Da komme ich zu meiner zweiten Bemerkung, liebe GAL. Frau Gümbel, Sie wissen, dass ich Ihnen so gut wie nie widerspreche – und wenn, dann nur höchst ungern. Aber bei dem Thema Studiengebühren sind Sie völlig aus der Spur gekommen. Ich muss Ihnen sagen: Wenn Sie uns vorrechnen, dass das für die Studierenden jetzt alles in Ordnung sei und dass sie nur nachträglich bezahlen müssten, bin ich noch froh, dass Sie nicht auf die Idee gekommen sind zu sagen, man müsste einmal die Kosten jedes Studiums ermitteln und dann diejenigen, die den Abschluss gemacht haben, anteilig auch für die Kosten Ihres Studiums aufkommen lassen.

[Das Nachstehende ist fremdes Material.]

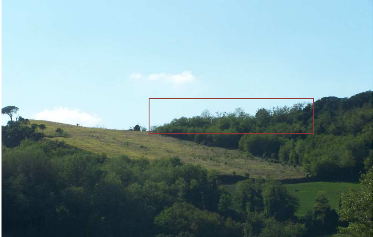
Figura 8 – Immagine della zona di cava vista da Est (via del Monte) - Scatto dal punto A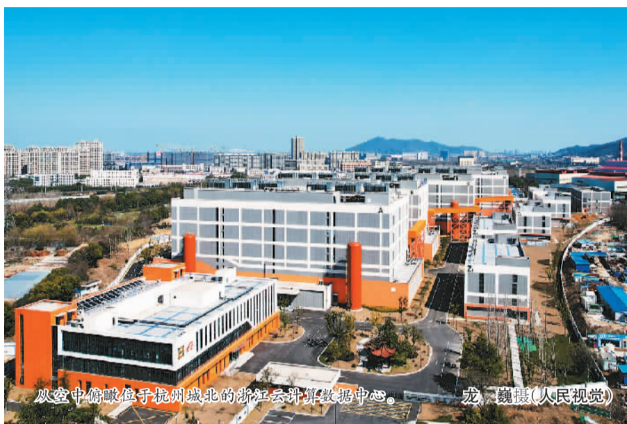
从空中俯瞰位于杭州城北的浙江云计算数据中心。

云计算是推动数字经济与实体经济深度融合的催化剂。近年来，中国云计算产业年增速超过30%，是全球增速最快的市场之一。从互联网行业延伸到传统行业，云计算正成为赋能数字经济的创新平台和基础设施。 在数字经济时代，云计算将如何推动数实融合、助推创新发展？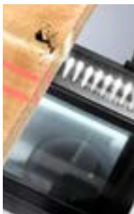
Skanowanie / optymalizacja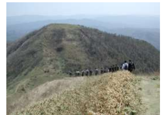
⑥子三瓶山頂から孫三瓶を望む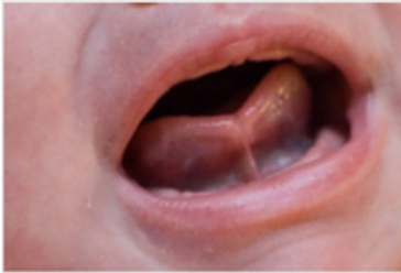
Bebek Dil Bağı

Dil Bağı: Doğuştan dilin ağız tabanına yapışık olmasıdır .Bu durum bebeğin memeye yerleşmesine engel olabilir, meme başı çatlaklarına dolayısıyla emzirmenin yetersizliğine neden olabilir.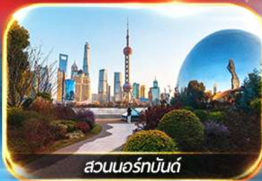
สวนนอร์มัลด์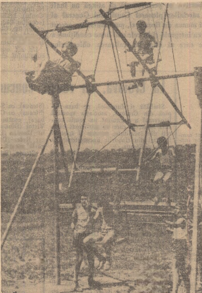
Vacanță! La Cimpina, ca și în întreaga țară, copiii se bucură în acele zile de vară de condiții tot mai bune pentru petrecerea vacanței în joc și voie bună

publicului bucureștean că și-au cîștigat calificarea practicînd un fotbal modern, de calitate. În meci vedetă, Dinamo București — campioana țării întîlnește pe Știința Cluj — cîștigătoarea „Cupei R.P. Române”.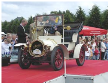
Cottereau Populaire von 1903

Der Cottereau Populaire von 1903 erhielt auf dem Concours d'Elegance des AvD in Schwetzingen 2007 den zweiten Preis in der Klasse unrestaurierter Vorkriegsfahrzeuge.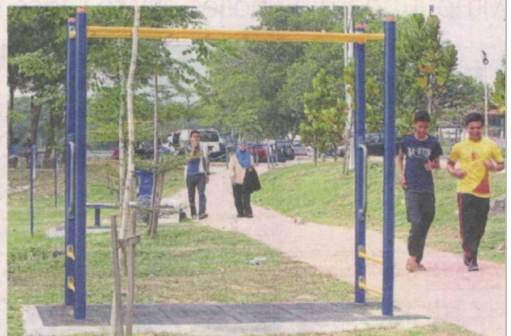
The lake is frequented by nearby residents, thanks to its jogging trail that has exercise equipment along its route.

(Wolfgang Beuß CDU: Dann hätten Sie rich- tig bezahlen müssen!)

Dann wäre nämlich ein Medizinstudium fünfmal teurer als manch ein anderes Studium. Und diejenigen, die das dann angehen, müssen sich auf ziemliche Darlehenssummen gefasst machen. Das ist alles ein bisschen abstrus.

Es geht auch nicht um die Frage, wie Studiengebühren auf die Studierenden wirken. Natürlich ist es so, dass 500 Euro bar auf den Tisch härter sind als 375 Euro als Darlehen später bezahlt. Das ist aber gar nicht das Thema. Wir reden von sozialer Ausgrenzung. Und das ist keine politische Ansichtssache, sondern das ist etwas, was das Deutsche Studentenwerk ganz sorgfältig untersucht hat. Die Ergebnisse sind Ihnen im Wissenschaftsausschuss dargelegt worden. Da geht es nicht um politische Ansichten. Es ist eine Tatsache, dass bei der Nichtaufnahme eines Studiums die finanziellen Gründe, insbesondere Studiengebühren, bei denjenigen an erster Stelle stehen, die ein Studium aufnehmen wollen oder nicht aufnehmen wollen.

(Wilfried Buss SPD: Hört, hört!)

Vor allem Studienberechtigte aus einkommensschwachen Herkunftsgruppen lassen sich dadurch abschrecken,

(Dora Heyenn DIE LINKE: Richtig!)

dass sie sich mit der Inanspruchnahme von BAföG und eben auch durch Studiengebühren für ihre Zukunft verschulden. Das ist der Punkt, über den wir reden.